Prince Carlos of Bourbon-Parma, Duke of Parma and Piacenza (born 27 January 1970) is the current head of the House of Bourbon-Parma, as well a member of the Dutch Royal Family. He is the claimant to the defunct throne of the extinct Duchy of Parma. In addition, he is considered by some a contested pretender to the Carlist claim to the throne of Spain under the name Carlos Javier I (English: Charles Xavier I). In 2016 Carlos told the Spanish press that, while (like his father in 2005) he "does not abandon" his claim to the throne, it is "not a priority" in his life, and he "will not dispute" [no planteo pleito] the legitimacy of King Felipe VI. Since 15 May 1996 he has been part of the enlarged Dutch royal family with the title – conferred on him by the Queen of the Netherlands – of "Prince de Bourbon de Parme" in the Dutch nobility.

Early life

Carlos was born in Nijmegen in the Netherlands as the eldest child of Carlos Hugo, Duke of Parma, and Princess Irene of the Netherlands. He has two younger sisters, Princess Margarita and Princess Carolina, and a younger brother, Prince Jaime. He was baptized in the Catholic faith on 10 February 1970 by Archbishop Marcel Lefebvre. Carlos spent his youth in several countries including the Netherlands, Spain, France, England, and the United States. In 1981, when he was eleven, his parents divorced. Together with his mother and his siblings he then moved to Soestdijk Palace (Baarn) in the Netherlands. He lived at the palace for a number of years with his grandparents, Queen Juliana of the Netherlands and Prince Bernhard of the Netherlands.

Education and career
Carlos studied political science at Wesleyan University in Connecticut and demography and philosophy at Cambridge University in England.
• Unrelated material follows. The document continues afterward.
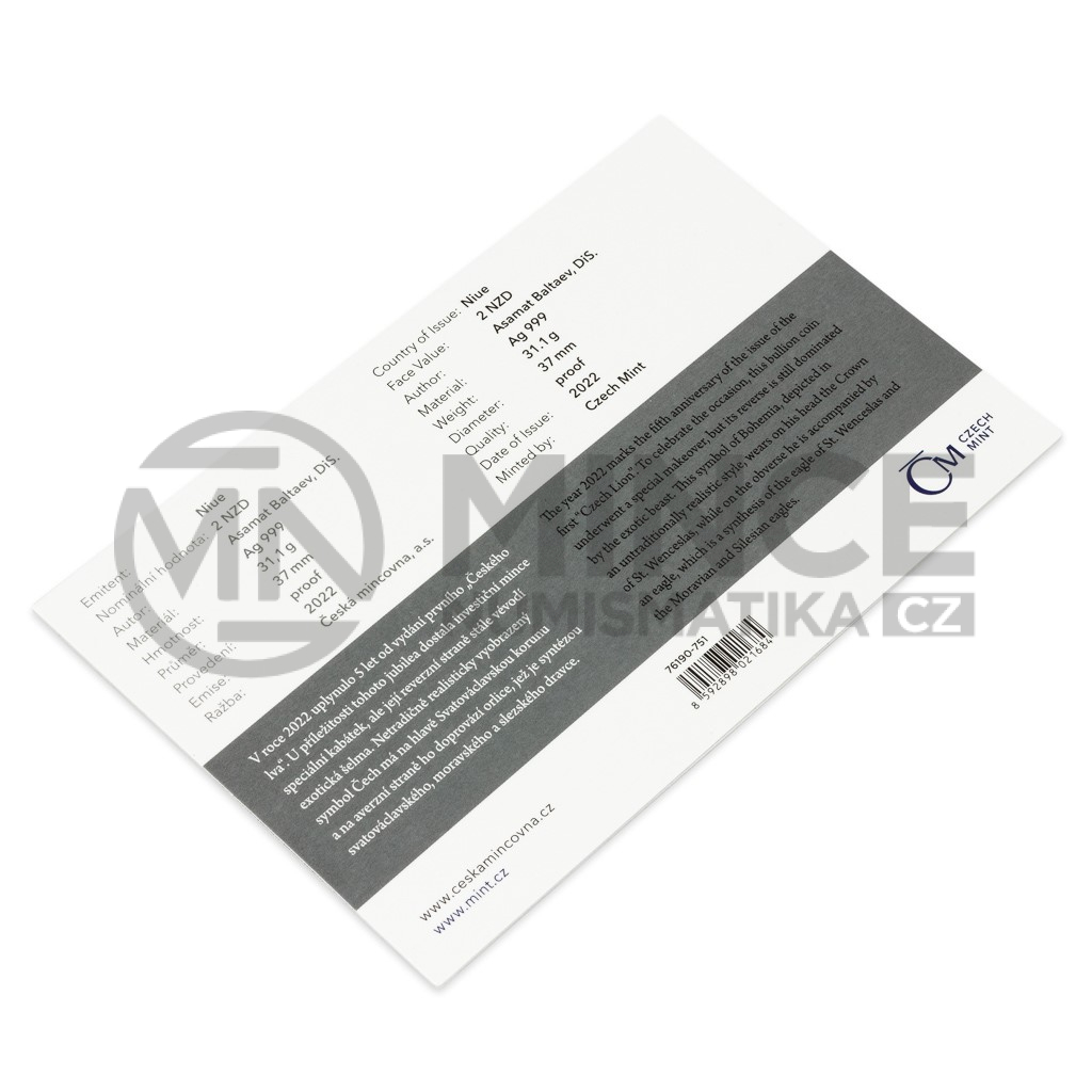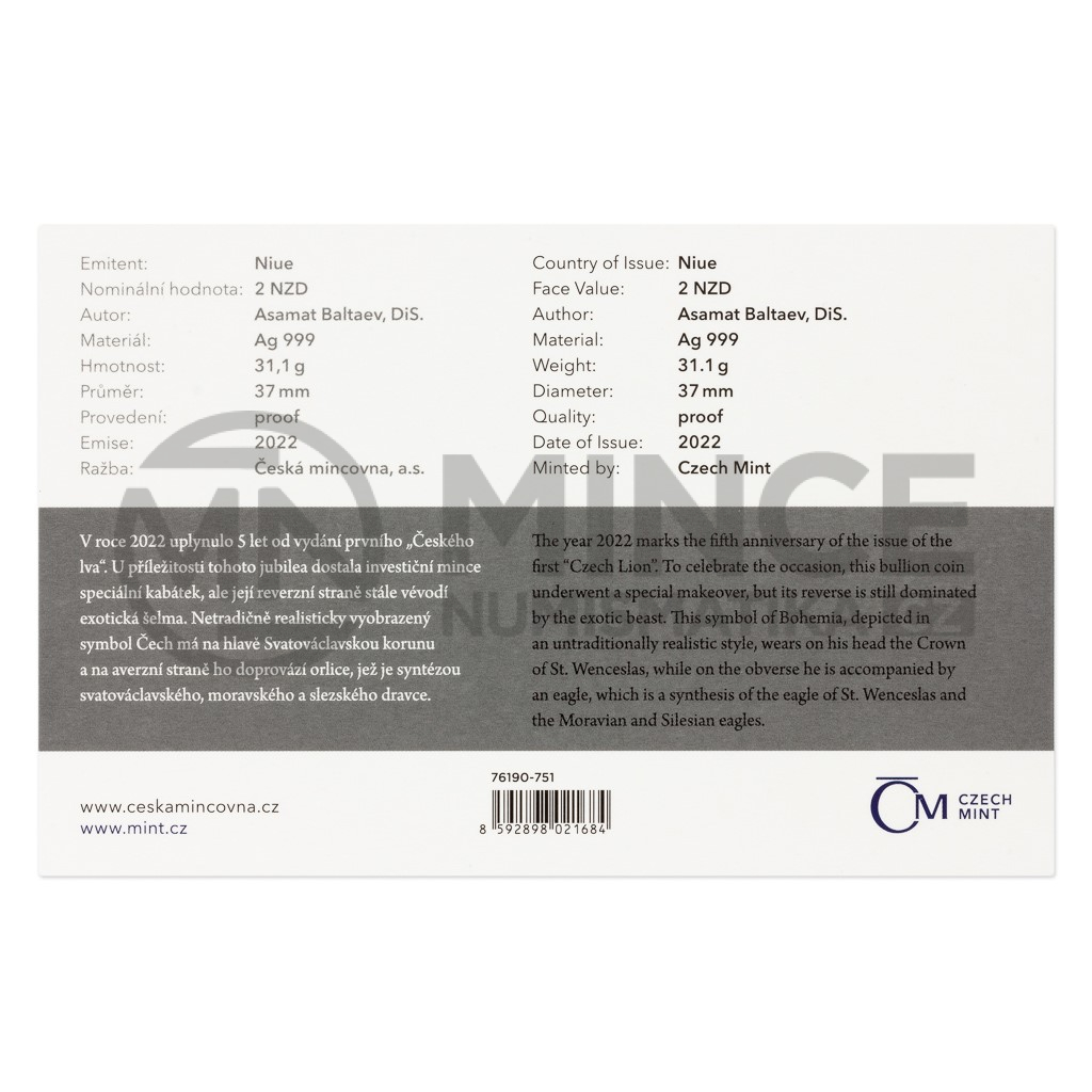 Světové investiční mince bývají věnovány silným národním symbolům a ani „Český lev“, který je první ražbou svého druhu určenou pro český trh, není výjimkou. Hmotnost stříbrné mince České mincovny s ročníkem 2022 činí jednu trojskou unci.
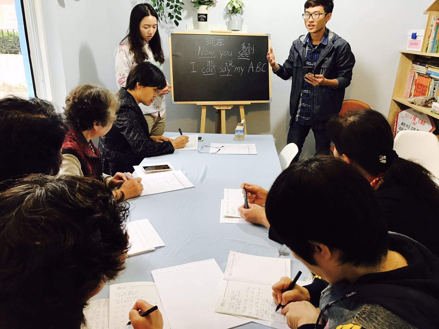 更是让人倍感亲切。老人们围坐在桌边认真记笔记、口中重复着夹杂着上海口音的英语念念有词的模样最打动我,让我深刻地体会到了“活到老、学到老”的精神。

After completing his studies Carlos worked for the company ABN AMRO in Amsterdam, where he was involved with preparations for the introduction of the euro. He then worked for a period in Brussels as a public affairs consultant for the company European Public Policy Advisors (EPPA). Since 2007 he has been engaged in projects concerning sustainability in the business world.

Dutch royal house
Carlos is sometimes present at representative occasions concerning the royal house of the Netherlands. In 2003 he was involved, together with his aunt, Queen Beatrix, in the inauguration of the "Prince Claus Leerstoel", a professorship named after the Queen's husband, Prince Claus. During special events of the royal house he is regularly present. For example, he was one of the organizers of the wedding celebration of Prince Constantijn and Princess Laurentien.

Personal life

Relationship with Brigitte Klynstra and son
Prince Carlos had a relationship with Brigitte Klynstra (born 10 January 1959), the stepdaughter of Count Adolph Roderik van Rechteren Limpurg. During this relationship he fathered a son:

 Carlos Hugo Roderik Sybren Klynstra (born 20 January 1997 in Nijmegen).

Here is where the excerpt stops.